Wednesday, January 6, 2010

But I don't wanna!!

Being a card carrying member of the recovery program ETA, allows me certain privileges. I got my seat in this wonderful fellowship the old fashioned way: I earned it. (Actually, there are no cards to carry, I just like the authority implied with the phrase.) Nobody can buy their way into ETA, although most of us had practically sold our souls by the time we got here, including me. One of the privileges that is guaranteed to all dedicated members is self honesty.

The people that belonged before I joined taught me that whatever is true for me is just fine, it truly is okay. It is when I deny that something is true about me that I get into trouble.

My mom is staying at a rehab hospital while she recovers from a broken hip. She has dementia/Alzheimer's and has deteriorated markedly in the weeks since my day died. In my opinion, everything that made my mom, my mom is gone and I hate seeing her like this. She doesn't know who she is, who I am, who my siblings are, her grand kids, nobody. And it breaks my heart. I could stop right there and everyone (except my sponsor) would feel bad for me, and my mom, and be understanding. And this is true: It breaks my heart seeing her like this. My sponsor says that lying by omission is still dishonesty. Oh. Yeah.
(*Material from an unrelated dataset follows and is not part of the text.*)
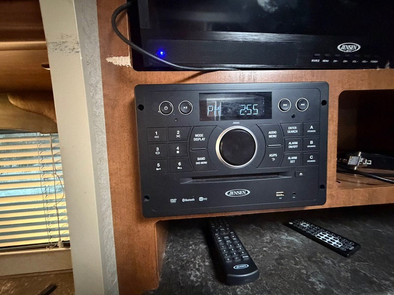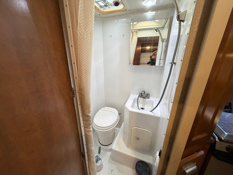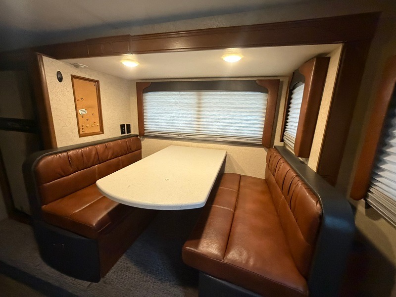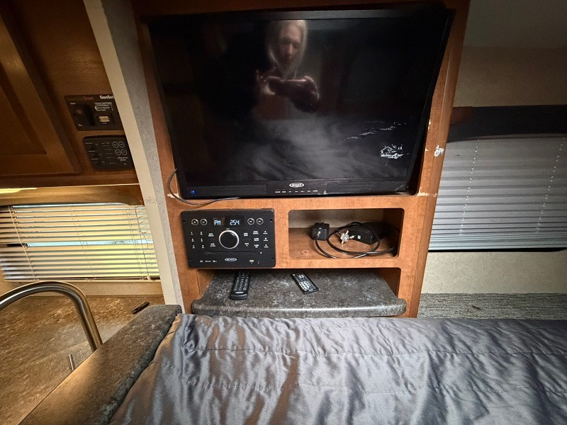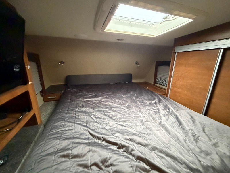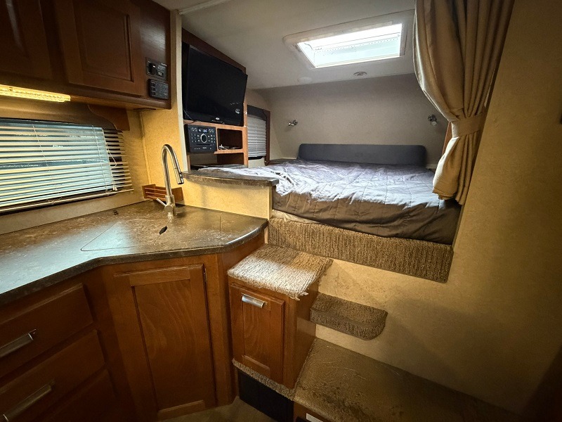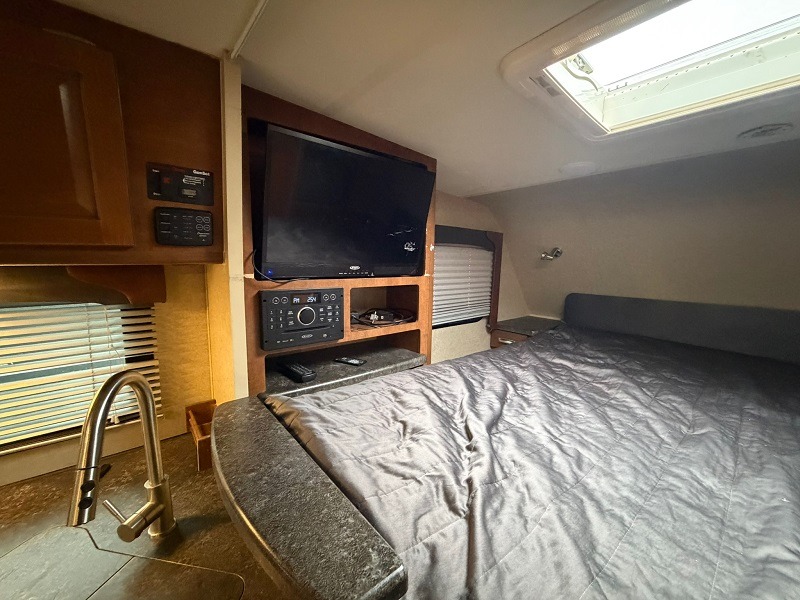 Step up to a queen size bed with an entertainment center on the left side where you can add a 24" LED 12 volt TV. There is a wardrobe opposite the entertainment center, along with a hamper towards the front. There is also a small storage cabinet in the upper left corner so you can keep things neat and tidy while you are camped.

I have the privilege of being honest with myself. Lucky me. So here is the truth for me in regard to this issue: I would rather justify not visiting her than be slapped in the face with the undeniable truth, which is: she's gonna die and leave me an orphan. Every time I see her I'm reminded. And I don't like it. Going to visit her on a regular basis is the next right thing, but...but... But I don't wanna!

This is what's true for me and it's fine. Nobody said that I have to want to do the next right thing. They said that I have to DO the next right thing. So I went to see her yesterday and took the old HP with me. I feel better having gone, though it was still heartbreaking.

While I was writing the above paragraphs, I was bawling my eyes out and a friend called to ask what I was doing so I told her and we talked about yesterday. She said that our parents remain alive in our memories and that struck me. It was the piece I've been missing in all this. I'm afraid that all I'll remember is the last few months of her life, how sick she's been, how much the disease has diminished her. I'm afraid that these things will smother the memories of all the good times we've had together.

I need not be afraid of that. The old HP was there through all the good times and He has a great memory. I can just ask Him to remind me of the good stuff. As for the hard times now? The old HP tags along for those, too, giving me protection and strength. I don't have to want to do the next right thing but, with the help of the old HP I can be willing to just do it. And feel privileged.

Have a good and sober day.

1 comment:

  1. I can assure you that you will eventually get back to the good memories. I've been down this road and I was mad at my HP for doing it to me. After I got done throwing my "sober" hissy fit, I was reminded of the fact that even though I was mad, he stayed right next to me and helped me though the process of grieving. Writing this blog is good for your grieving....keep doing it!